How big is your OpenStack team?

The production support team in the CERN IT Department is around seven engineers with further students and fellows contributing to various project enhancements.

How is your team currently contributing back to the OpenStack project? Is your team contributing to any other projects supported by the OpenStack Foundation (Airship, Kata Containers, StarlingX, Zuul)?

CERN has made over 1,000 commits to OpenStack since the implementation started in 2011. The largest three OpenStack projects CERN have contributed to are Magnum, Nova and Keystone. CERN’s experiences have been presented at more than 30 talks at OpenStack summits as well as regional events such as the open Infrastructure days which have provided an opportunity to share the experiences of running OpenStack at scale and our current focus areas. This included an OpenStack day at CERN in 2019 covering experiences of OpenStack usage in science and hosting the Ironic mid-cycle meetup in 2020.

The CERN blog is available at https://techblog.web.cern.ch/techblog/ and local developments are shared at https://github.com/cernops.

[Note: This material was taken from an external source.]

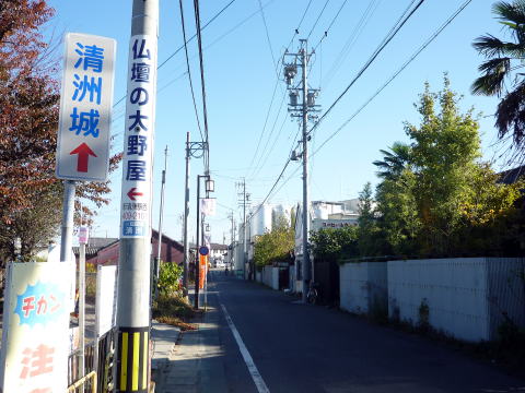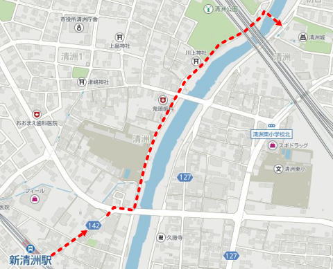 まず新清洲駅を出て真っ直ぐ進んで、突き当りを右に曲がり、橋の手前を左に曲がってあとまっすぐ。

CERN has also contributed to governance and project management including an elected OpenStack individual board member, two members of the User Committee and PTL/core roles in Magnum, Keystone and Ironic.

What kind of challenges has your team overcome using OpenStack?

Given the demands of the Large Hadron Collider and the CERN experiments, provisioning more computing capacity without increasing the number of engineers was a challenge to overcome. Working with other members of the open source community in areas such as Container Orchestration-as-a-Service, Nova Cells, Identity Federation and Spot Market functionality has allowed these new features to be developed, reviewed by community and further enhanced. OpenStack Special Interest Groups such as the Scientific SIG and Large Scale SIG have provided a useful framework for debate, information sharing and common contribution.

A single framework for tracking, authentication and accounting for bare metal, virtual machines, storage and containers has been a major benefit for the CERN IT department. Allowing users to have self-service resources in a few minutes while ensuring that these are clearly allocated (and expired if appropriate) allows the CERN cloud users to focus on the goals of the laboratory rather than how to get the infrastructure they need.